Magnus Zetterstroem (Orzeł Łódź): Ze swojego występu bardzo się cieszę. Zdobyłem sporo punktów. Nie miałem większych problemów z torem, był bardzo fajny, można było się na nim pościgać. W najbliższym spotkaniu z Ostrovią mamy spore szanse na zwycięstwo. Mamy ten problem, że Kenni jest kontuzjowany i ma złamaną rękę, miejmy nadzieję, że wróci już Peter Kildemand i wspomoże nas w tym meczu.

Jakub Jamróg (Orzeł Łódź): Nie było najgorzej, ale liczyłem na większą zdobycz punktową. Popełniłem parę błędów, zdefektował mi jeden silnik, choć nie było tego widać na torze, ale zaczęło się z nim źle dziać i musiałem wziąć drugi, przez co trzeba było od nowa się dopasowywać do toru. Cieszę się, że mój wynik nie zaważył na dorobku drużyny, wtedy miałbym do siebie większe pretensje, ale wyciągnę wnioski, popracuję aby było jeszcze lepiej.

Paweł Miesiąc (Lubelski Węgiel KMŻ): W pierwszym swoim biegu straciłem swój najlepszy silnik, ten który idealnie nadawał się na lubelski tor, była to niezbyt dobra sytuacja dla mnie.

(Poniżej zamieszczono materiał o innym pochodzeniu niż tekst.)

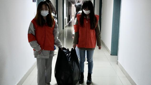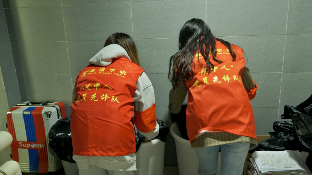 宿舍环保工作中,党员先锋队和青年突击队的队员们全面深入各个学生寝室,重点关注了各寝室楼是否存在卫生不良情况,号召同学们将个人的垃圾袋整理妥当,避免垃圾倾倒外泄,污染寝室楼生活环境;同时她们向同学倡议,将垃圾主动带出楼外,以减轻保洁阿姨搬运宿舍垃圾的负担。此外,据后勤工作人员介绍,清理宿舍楼外垃圾桶的任务量也十分繁重,经常会有外卖垃圾外泄、难以清理的情况。她们针对此类问题,建议同学们将外卖垃圾整理好,小心投入室外垃圾桶内。她们将会继续关注学生宿舍卫生问题,并及时为同学们与后勤工作人员提供支持与帮助。

Przesiadłem się na drugi motocykl i na szczęście podpasował . Bardzo szkoda tych zawodów, na pewno komisarz nam coś tutaj pokrzyżował, ale tor był jednakowy dla wszystkich, my powinniśmy wziąć to pod uwagę i jechać na swoim poziomie, ale nie udało się, przegraliśmy, a teraz musimy postarać się wygrać w Ostrowie. Chcieliśmy bardzo wygrać 15 wyścig, zrobiliśmy to co najlepsze w motocyklach, ale się nie udało, tak się zdarza. Naprawdę daliśmy ciała.

Mateusz Łukaszewski (Lubelski Węgiel KMŻ): Trzeba powiedzieć, że tor jest równy dla wszystkich, a my po prostu od kilku lat jeździmy na torze przyczepnym, a teraz mamy problemy i nie radzimy sobie. Trzeba na pewno znaleźć jakąś przyczynę i zlikwidować w ustawieniach motocykla, czy silnika. Będziemy musieli wprowadzić parę korekt i nauczyć się jeździć na twardym torze w Lublinie, bo podejrzewam, że w tym roku przyczepnie w Lublinie to raczej nie będzie.